- [Problem details] Everything in the listing below must be reproduced exactly, apart from its images.

- [Recorded information]
━━━━━━━━

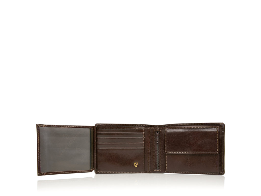 RFID Porte-cartes cuir d'un beau format. Le porte-cartes en cuir pour homme présente des logements pour neuf cartes, un logement repliable pour le permis de conduire, un logement pour la monnaie et un petit logement à fermeture éclair. La collection Gaucho possède une feuille high-tech qui bloque complètement la lecture de vos données personnelles qui se fait par l’intermédiaire de la puce RFID présente dans vos cartes. Ce porte-cartes en cuir de luxe de la gamme Gaucho de Castelijn & Beerens a été confectionné en cuir de taureau traité à l'aide d'un vernis transparent et arbore le superbe logo C&B dans un ovale en cuir. Ce porte-cartes est disponible dans les couleurs noire et moka.
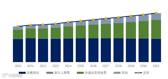 就产品应用而言,目前血糖测试是最主要的需求来源,占据大约59.3%的份额。
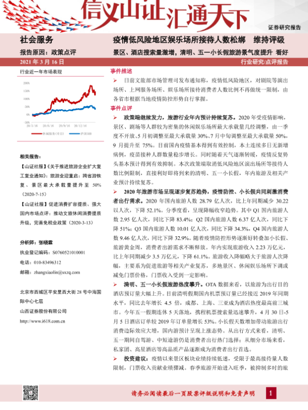 【山西证券】【20210316】社会服务行业:疫情低风险地区娱乐场所接待人数松绑-3页 行业研究
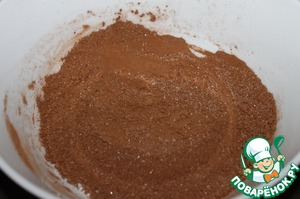 Смешать сахар и какао.

━━━━━━━━

- [Task output]
 RFID Porte-cartes cuir d'un beau format. Le porte-cartes en cuir pour homme présente des logements pour neuf cartes, un logement repliable pour le permis de conduire, un logement pour la monnaie et un petit logement à fermeture éclair. La collection Gaucho possède une feuille high-tech qui bloque complètement la lecture de vos données personnelles qui se fait par l’intermédiaire de la puce RFID présente dans vos cartes. Ce porte-cartes en cuir de luxe de la gamme Gaucho de Castelijn & Beerens a été confectionné en cuir de taureau traité à l'aide d'un vernis transparent et arbore le superbe logo C&B dans un ovale en cuir. Ce porte-cartes est disponible dans les couleurs noire et moka.
 就产品应用而言,目前血糖测试是最主要的需求来源,占据大约59.3%的份额。
 【山西证券】【20210316】社会服务行业:疫情低风险地区娱乐场所接待人数松绑-3页 行业研究
 Смешать сахар и какао.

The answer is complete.